START Supplied information

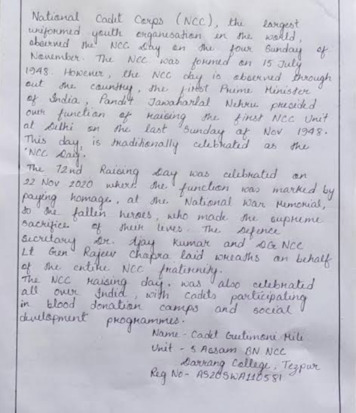 CDT Dimpi Karjee , KAR/20/SW/A/265060,1 KAR ARMD SQN NCC TP-3 BLORE B GP, St Joseph's College
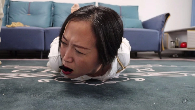 文清扭动身体在地上来回呜呜呜闷哼挣扎,可这次不管怎么挣扎绳索纹丝未动,始终无济于事,最终精疲力尽的她减小挣扎幅度,低下头躺平等待家人回来解放她。
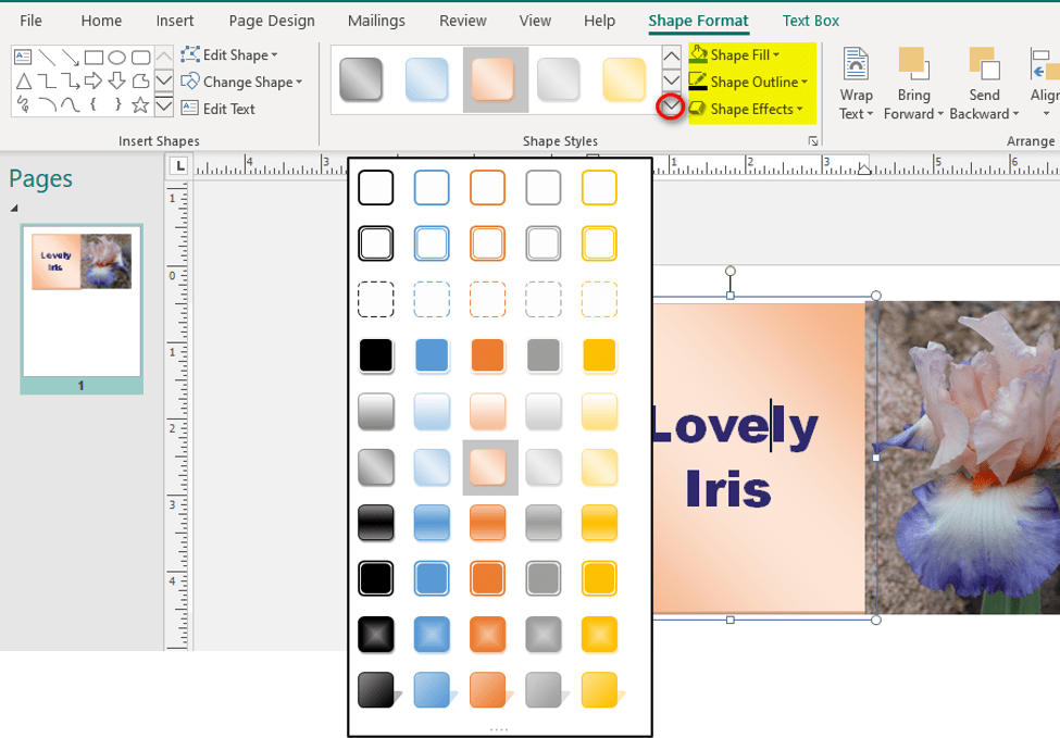 To change the Text Box style, click anywhere in the box to select it. Now go back to the “magic” Shape Format tab that appears. Select the drop-down arrow next to the Shape Format>Shape Styles section choices – circled red below. Pick a style that matches your photo. You can also adjust the Fill, Outline, and Effects manually in the Shape Format>Shape Styles section – highlighted in yellow below. Experiment! Remember, Ctrl-Z = “undo” if you goof.

END Supplied information

• _Work instruction_
Write out, with no pictures, only the lines from the line containing "文清扭动身体在地上来回呜呜呜" through the last line of the listing above, exactly and with both ends included.

• _Response to the exercise_
 文清扭动身体在地上来回呜呜呜闷哼挣扎,可这次不管怎么挣扎绳索纹丝未动,始终无济于事,最终精疲力尽的她减小挣扎幅度,低下头躺平等待家人回来解放她。
 To change the Text Box style, click anywhere in the box to select it. Now go back to the “magic” Shape Format tab that appears. Select the drop-down arrow next to the Shape Format>Shape Styles section choices – circled red below. Pick a style that matches your photo. You can also adjust the Fill, Outline, and Effects manually in the Shape Format>Shape Styles section – highlighted in yellow below. Experiment! Remember, Ctrl-Z = “undo” if you goof.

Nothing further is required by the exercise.